__Your goal__: Below this task are records; return each one exactly and omit its images.

__Study material__:

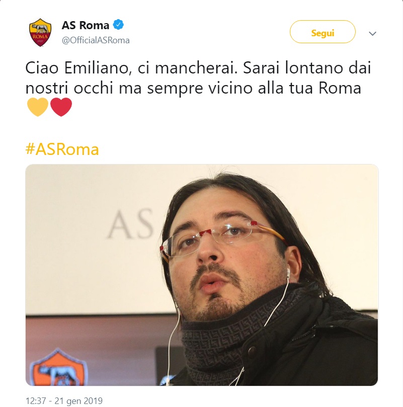 La notizia della morte del giovane giornalista ha fatto il giro del web e sono diverse le redazioni online dedicate alla Roma che lo ricordano ed esprimono cordoglio alla famiglia. Anche il club sportivo ha espresso vicinanza per il grave lutto in un messaggio su Twitter: “Ciao Emiliano, ci mancherai. Sarai lontano dai nostri occhi ma sempre vicino alla tua Roma”.
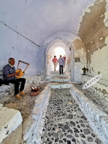 一条地道式走廊里有位当地人在弹奏里拉琴(Lyra),那声音有点类似木吉他。古希腊黄金时代的游吟诗人总是喜欢边弹里拉琴边吟唱。里拉琴起先只用来伴唱,到后来才成为独奏乐器。
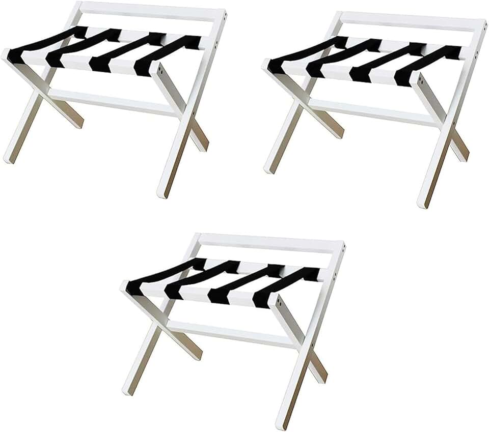 3pcs Folding Luggage Rack - Hotel Wooden Suitcase Stand, Travel Bag Holder with Nylon Straps, Hotel Suitcase Stand, Luggage Stool, for Hotel Bedrooms
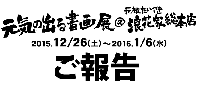 2015.12.26〜2016.1.6の間、元気の出る書画展@元祖たいやき麻布十番浪花家総本店を盛会のうちにお開きを迎えさせていただきました。
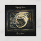 An aerial view of a small cream coloured dragon resting atop intricate Celtic knot work carved in tones of brown, black, and grey stone. Set against a deep black backdrop.
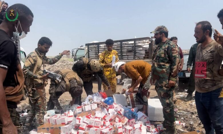 بإشراف نيابة الصناعة والتجارة… قوات الحزام الأمني تتلف كميات كبيرة من الأشرطة المخدرة والمبيدات والسجائر المهربة
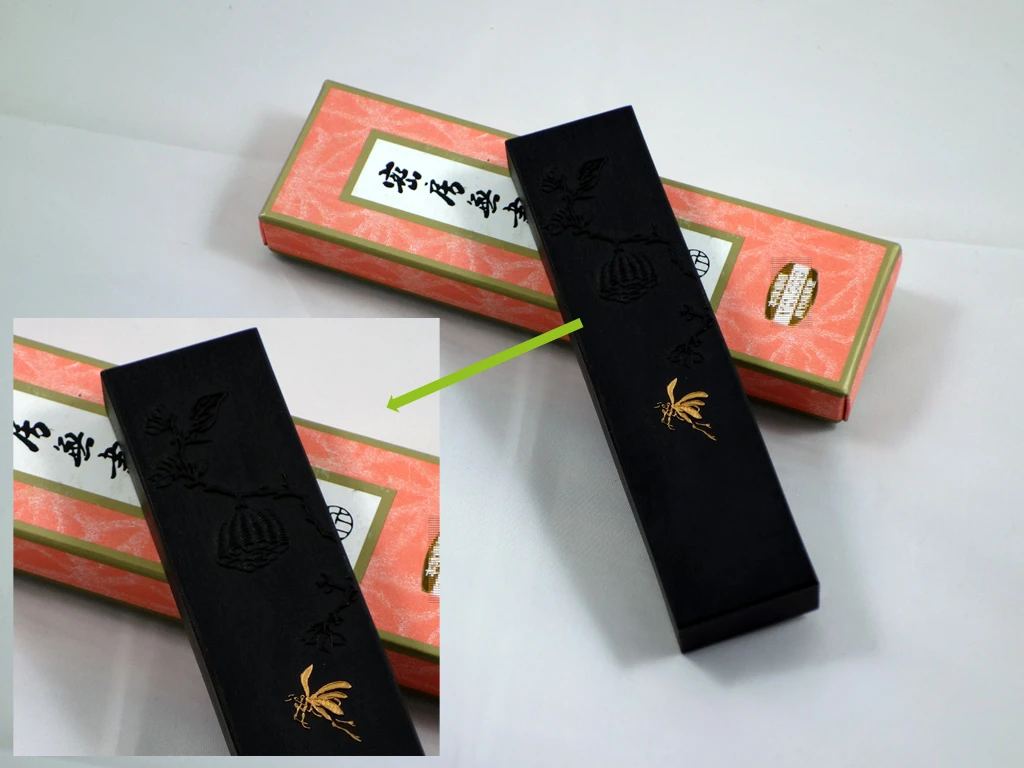 Konjaku vous propose ici une pierre de 75g aux dimensions de 12,7 x 3 x 1,5 cm environ, joliment décorée, comme le sont toujours les pierres d’encre de qualité au Japon.

__The answer__:
 La notizia della morte del giovane giornalista ha fatto il giro del web e sono diverse le redazioni online dedicate alla Roma che lo ricordano ed esprimono cordoglio alla famiglia. Anche il club sportivo ha espresso vicinanza per il grave lutto in un messaggio su Twitter: “Ciao Emiliano, ci mancherai. Sarai lontano dai nostri occhi ma sempre vicino alla tua Roma”.
 一条地道式走廊里有位当地人在弹奏里拉琴(Lyra),那声音有点类似木吉他。古希腊黄金时代的游吟诗人总是喜欢边弹里拉琴边吟唱。里拉琴起先只用来伴唱,到后来才成为独奏乐器。
 3pcs Folding Luggage Rack - Hotel Wooden Suitcase Stand, Travel Bag Holder with Nylon Straps, Hotel Suitcase Stand, Luggage Stool, for Hotel Bedrooms
 2015.12.26〜2016.1.6の間、元気の出る書画展@元祖たいやき麻布十番浪花家総本店を盛会のうちにお開きを迎えさせていただきました。
 An aerial view of a small cream coloured dragon resting atop intricate Celtic knot work carved in tones of brown, black, and grey stone. Set against a deep black backdrop.
 بإشراف نيابة الصناعة والتجارة… قوات الحزام الأمني تتلف كميات كبيرة من الأشرطة المخدرة والمبيدات والسجائر المهربة
 Konjaku vous propose ici une pierre de 75g aux dimensions de 12,7 x 3 x 1,5 cm environ, joliment décorée, comme le sont toujours les pierres d’encre de qualité au Japon.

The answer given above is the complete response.